Is there equality of variances of the dependent variables `export`

and `reserves`

across groups? *(Tip: Use Levens’s test of error variances.)*

- Yes
- No

**Exercise 8**

On the level of significance of 0.05, is there effect of banking crisis to export and banking reserves combination?

- Yes
- No

**Exercise 9**

How much of the variance in the dependent variables `export`

and `reserves`

is explained by banking crisis?

**Exercise 10**

Does the export differ when banking sector is in the crisis compared to when banking sector is not in the crisis? What about reserves?

- Only export differ
- Only reserves differ
- Both export and reserves differ
- None of them differ

Carl Sutton says

This is a brand new area for me. I have no foundation for what the questions are referring to and have never seen most of the functions used.

What is the purpose of the $out in

boxplot(data$export)$out ? I am assuming something is being exported somewhere, but what, where, and why?

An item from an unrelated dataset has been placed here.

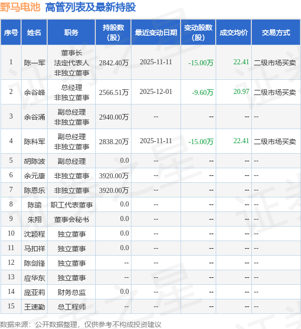 野马电池近半年内的董监高及核心技术人员增减持详情如下:

Any good reference materials you can refer me to would be appreciated.

Miodrag Sljukic says

Thank you for your comment Carl.

The key idea of this set of exercises is to show how you can investigate the influence of categorical independent variable to two continuous dependent variables. This technique is called multivariate analysis of variance (MANOVA). Basically, we check if there is a difference between subgroups of continuous variables. In the case of these exercises we put the analysis in the context of banking crises, asking if national export and level of banking reserves vary differently when the crises of banking system happens. In order to conduct this kind of analysis, some assumptions must be met, i.e. data must satisfy certain conditions. We explore these conditions in exercises 1 through 7. Exercises 8 through 10 ask you to find the result and do post-hoc analysis. My intention with this set of exercises was to cover entire process of MANOVA step by step, so that the solutions can be used in practical work. If you are interested to learn more about MANOVA, I can suggest you a book “Applied Multivariate Statistics for the Social Sciences” by James P Stevens, although I’m sure there are also great other books and on-line resources.

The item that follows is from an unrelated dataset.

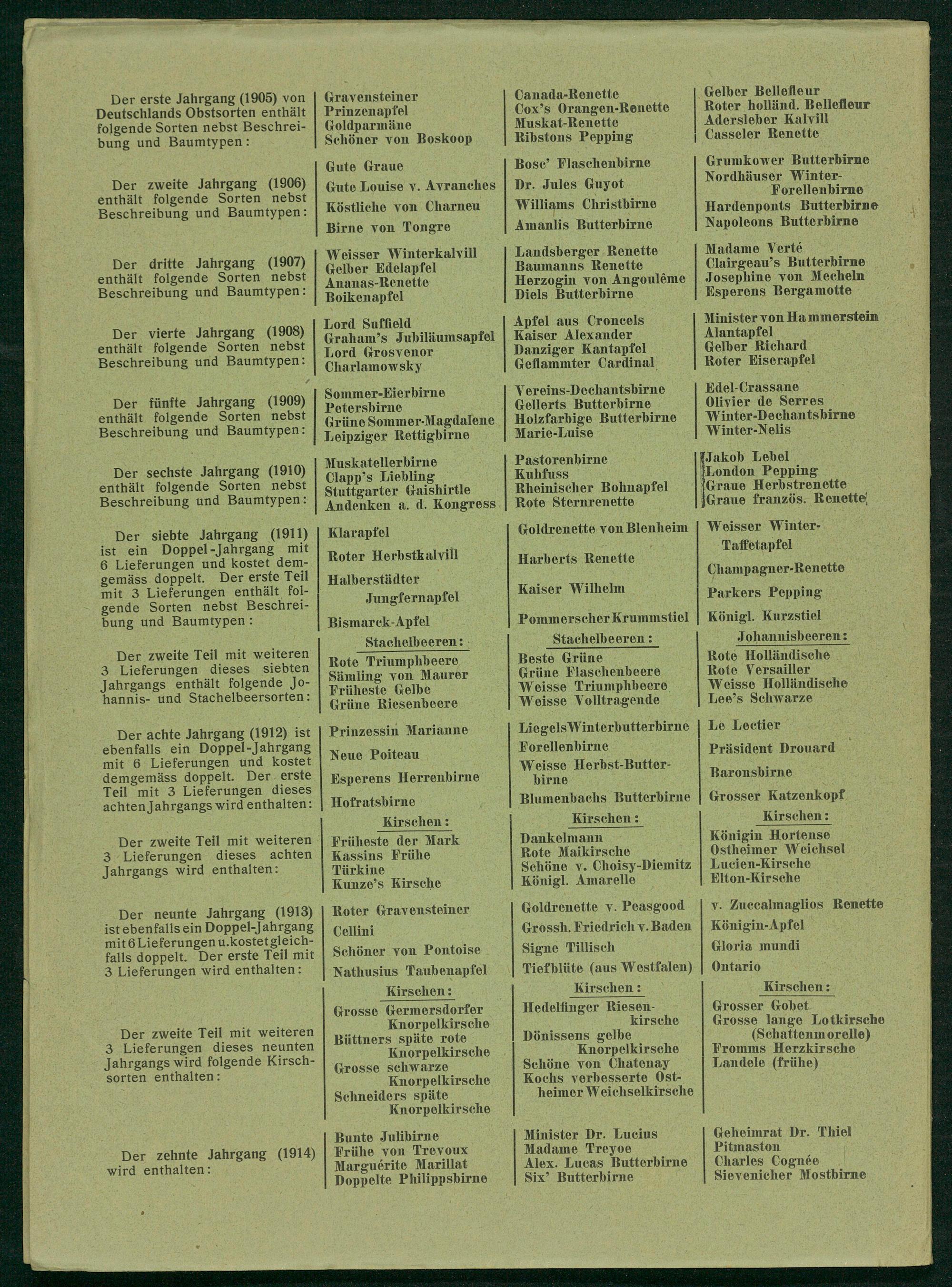 Der erste Jahrgang(1905) von Deutschlands Obstsorten enthält folgende Sorten nebst Beschrei- bung und Baumtypen:

There are many ways to solve these exercises. The solutions given here are just one of them. For example, in order to asses univariate normality of data, you can use

`ks.test`

or`shapiro.test`

functions which are included from`stats`

package. But in order to test multivariate normality, other package has to be used. I found that`MVN`

package is good (although there might be others which are even better) and, hence it also has a function for testing univariate normality which gives more information than those in package stats, I used it to test univariate normality too. This doesn’t mean that using some other function is wrong, in most cases it is just a matter of taste. Doing this way I wanted to show that there are different options and to encourage reader to exploit R’s compelling richness of possibilities.Besides drawing box-plot, R’s function

`boxplot`

returns some basic statistics about data it plots. You can see it if you run`summary(boxplot(your_data))`

. It displays 5 fields, among them`out`

, which contains a list of outlier values for the data plotted, which was asked in the exercise 2. So the statement`boxplot(data$export)$out`

actually do two things: plot the chart and displays a list of outliers. You can find more info about boxplot function in r help running`?boxplot`

.Anonymous says

Thanks a lot Miodrag for investing time, energy and intentions to make these exercises. I really appreciate that.

Anonymous says

For Ques 3 , do you think following this would be right?

#check univariate/multivariate normality

subset1<-as.numeric(bankcrisis[,2])

shapiro.test(subset1)

subset2<-as.numeric(bankcrisis[,3])

shapiro.test(subset2)

#OR

install.packages("mvnormtest")

library(mvnormtest)

subset3<-as.matrix(bankcrisis[,2:3])

qqnorm(subset3)

qqnorm(subset1)

qqnorm(subset2)

Miodrag Sljukic says

Yes, your solution is perfectly good for testing univariate normality, but for multivariate normality you have to use different functions. I gave an example of three tests contained in mvnormtest library.